I might as well answer my own question, because I do think there are some coherent arguments for fundamental LLM limitations:

1. LLMs are trained on human-quality data, so they will naturally learn to mimic our limitations. Their capabilities should saturate at human or maybe above-average human performance.

2. LLMs do not learn from experience. They might perform as well as most humans on certain tasks, but a human who works in a certain field/code base etc. for long enough will internalize the relevant information more deeply than an LLM.

However I'm increasingly doubtful that these arguments are actually correct. Here are some counterarguments:

1. It may be more efficient to just learn correct logical reasoning, rather than to mimic every human foible. I stopped believing this argument when LLMs got a gold metal at the Math Olympiad.

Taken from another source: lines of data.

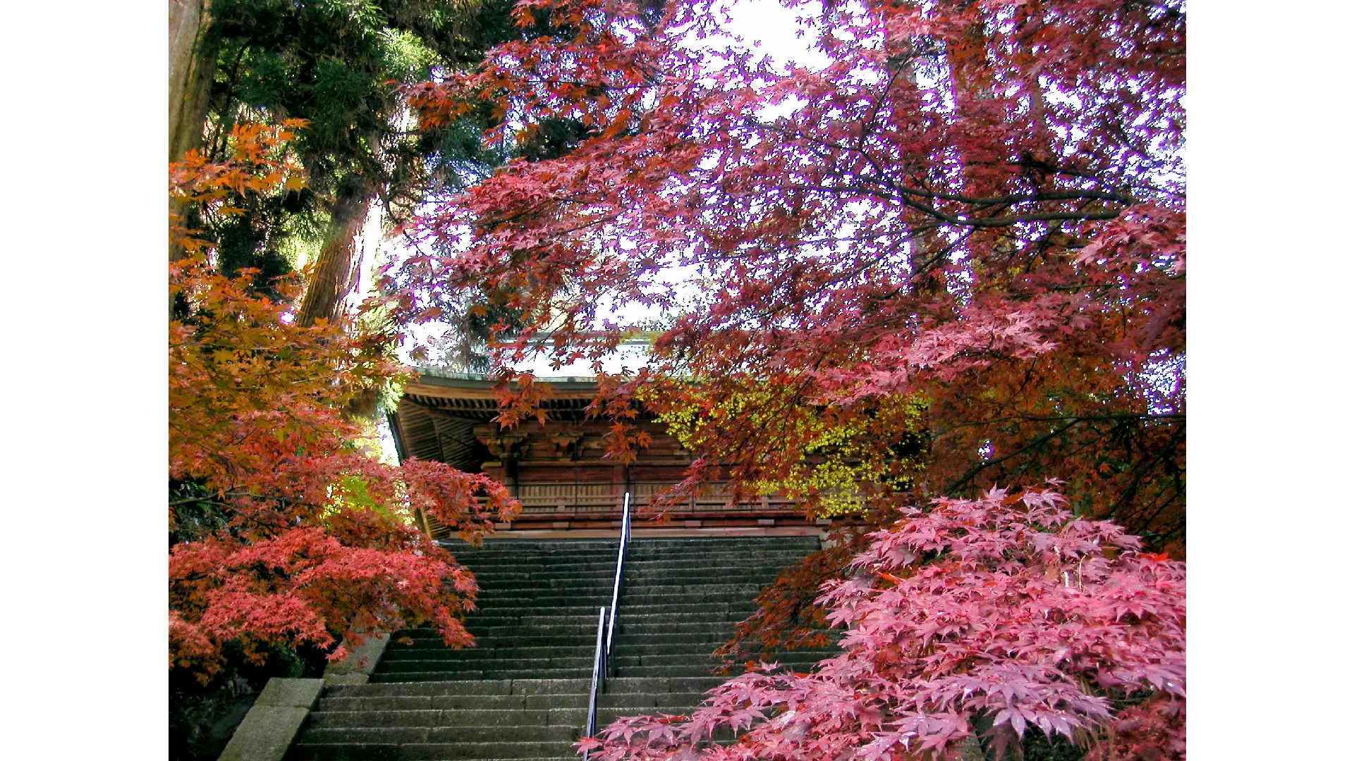 百済寺は金剛輪寺、西明寺とともに湖東三山と呼ばれています。近江最古級の古刹で、推古14年(606)に聖徳太子の御願により百済人のために創建されました。室町時代の最盛期には1000余りの坊舎を有する巨大寺院となりましたが、織田信長の焼き討ちなどでほとんどの建物が焼失しました。あの辛口の宣教師ルイス=フロイスが「地上の天国一千坊」と絶賛した光景は石垣参道から偲べます。本堂、仁王門、山門などが江戸時代に再建されました。現在もなお、百済寺の光景は五木寛之著「百寺巡礼」第35番のお寺として詳しく紹介され、また、白洲信哉氏「古都逍遥」で庭園美を絶賛されています。庭園の池に映る紅葉や古びた石垣沿いの紅葉など楽しむことができます。先年、「国史跡」に指定された83haの広大な境内地に自生する5000本以上の落葉樹群は四季を通じて「百彩の美」を放っております。※特別拝観:本尊脇侍の如意輪観音と極彩色の聖徳太子像を12/31まで公開追加料金なし。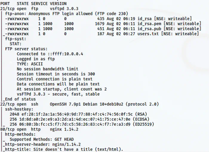 From the nmap scan results, we see that ports 21, 22 and 80 are open. Furthermore, we have anonymous access to the FTP server. Likewise, there are files that look like private keys. So, I logged into the FTP server anonymously and downloaded all the files.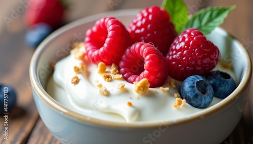Close-up of greek yogurt with raspberries, blueberries, granola, diet, fruit, berries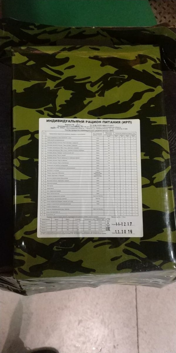 приход товара 03.01.2019 сухпайки ВС РФ по 3000тг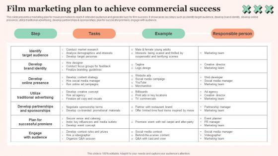 This slide presents a marketing plan for movie promotion to reach it intended audience and generate buzz for film success. It showcases key steps such as identify target audience, develop brand identity, develop online presence, utilize traditional advertising, develop partnerships and sponsorships, plan for successful premiere, engage with audience. Do you know about Slidesgeeks Film Marketing Plan Achieve Film Promotional Techniques To Increase Box Office Collection Themes Pdf These are perfect for delivering any kind od presentation. Using it, create PowerPoint presentations that communicate your ideas and engage audiences. Save time and effort by using our pre designed presentation templates that are perfect for a wide range of topic. Our vast selection of designs covers a range of styles, from creative to business, and are all highly customizable and easy to edit. Download as a PowerPoint template or use them as Google Slides themes. This slide presents a marketing plan for movie promotion to reach it intended audience and generate buzz for film success. It showcases key steps such as identify target audience, develop brand identity, develop online presence, utilize traditional advertising, develop partnerships and sponsorships, plan for successful premiere, engage with audience.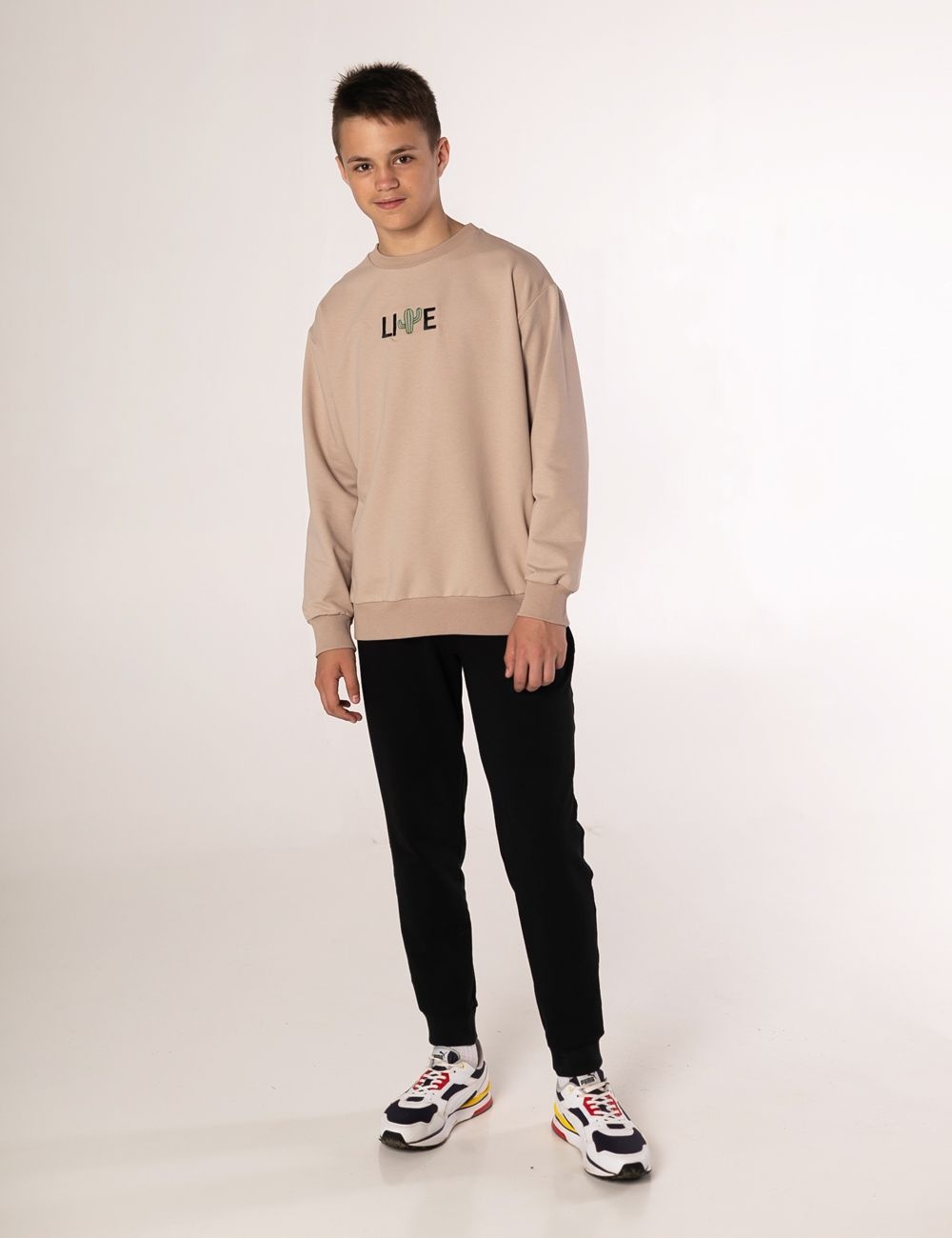 Джемпер из футера с лайкрой. Приятная на ощупь ткань не потеряет свой первоначальный вид после множества стирок. Свободный силуэт не сковывает движения и обеспечивает комфортную посадку на любую фигуру. Модель идеально сочетается с чёрными брюками артикул 1517. Модная вышивка на полочке не оставит равнодушным ни одного подростка.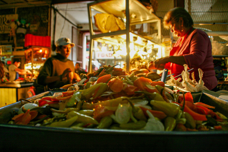 The market in Guadalajara is huge, 3 floors. The Mercado San Juan de Dios was built in 1958, it’s an ugly brick building from the outside accessed by a bridge from the main street, but an amazing experience inside and sells everything from cheap plastic toys, watches, sunglasses, tortillas and kebab… to birds and rabbits in cages. It has a massive eating section where you can move from stall to stall snacking on sopes, tacos, deep fried peppers stuffed with cheese and hundreds of other Mexican fast snacks. This market is not for the claustrophobic; it really is packed and there is very little space between the stalls which run like narrow alleyways the length of the entire 4,000 square metres that the market occupies. We have been eating some street food and so far have avoided the dreaded Deli belly…unlike Danny who just eats everything.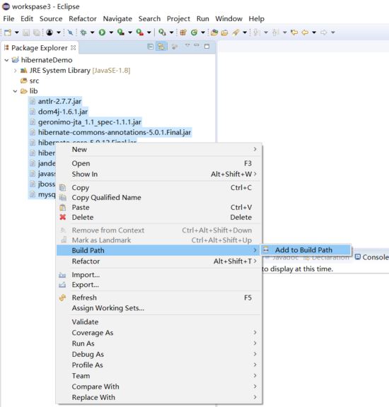 1.创建新项目hibernateDemo,在工程下建立lib文件夹。打开jar包的目录,导入lib/required下的和数据库的jar包,add to build path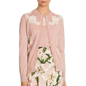 Dolce & Gabbana Pink / Nude Cashmere Silk Blend Cardigan With Lace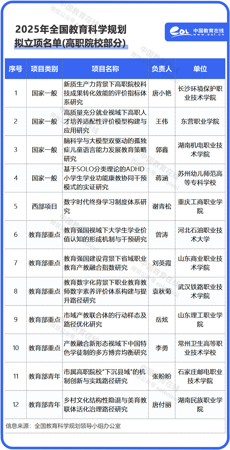 8月5日,全国教育科学规划领导小组办公室发布《2025年度全国教育科学规划拟立项名单公示》。共540个项目拟获立项资助,其中包括12所高职院校申报的12个项目。

2. LLMs alone may suffer from this limitation, but RL could change the story. People may find ways to add memory. Finally, it can't be ruled out that a very large, well-trained LLM could internalize new information as deeply as a human can. Maybe this is what's happening here:

https://metr.org/blog/2025-03-19-measuring-ai-ability-to-com...

[−] scoofy 52d ago

I studied philosophy focusing on the analytic school and proto-computer science. LLMs are going to force many people start getting a better understanding about what "Knowledge" and "Truth" are, especially the distinction between deductive and inductive knowledge.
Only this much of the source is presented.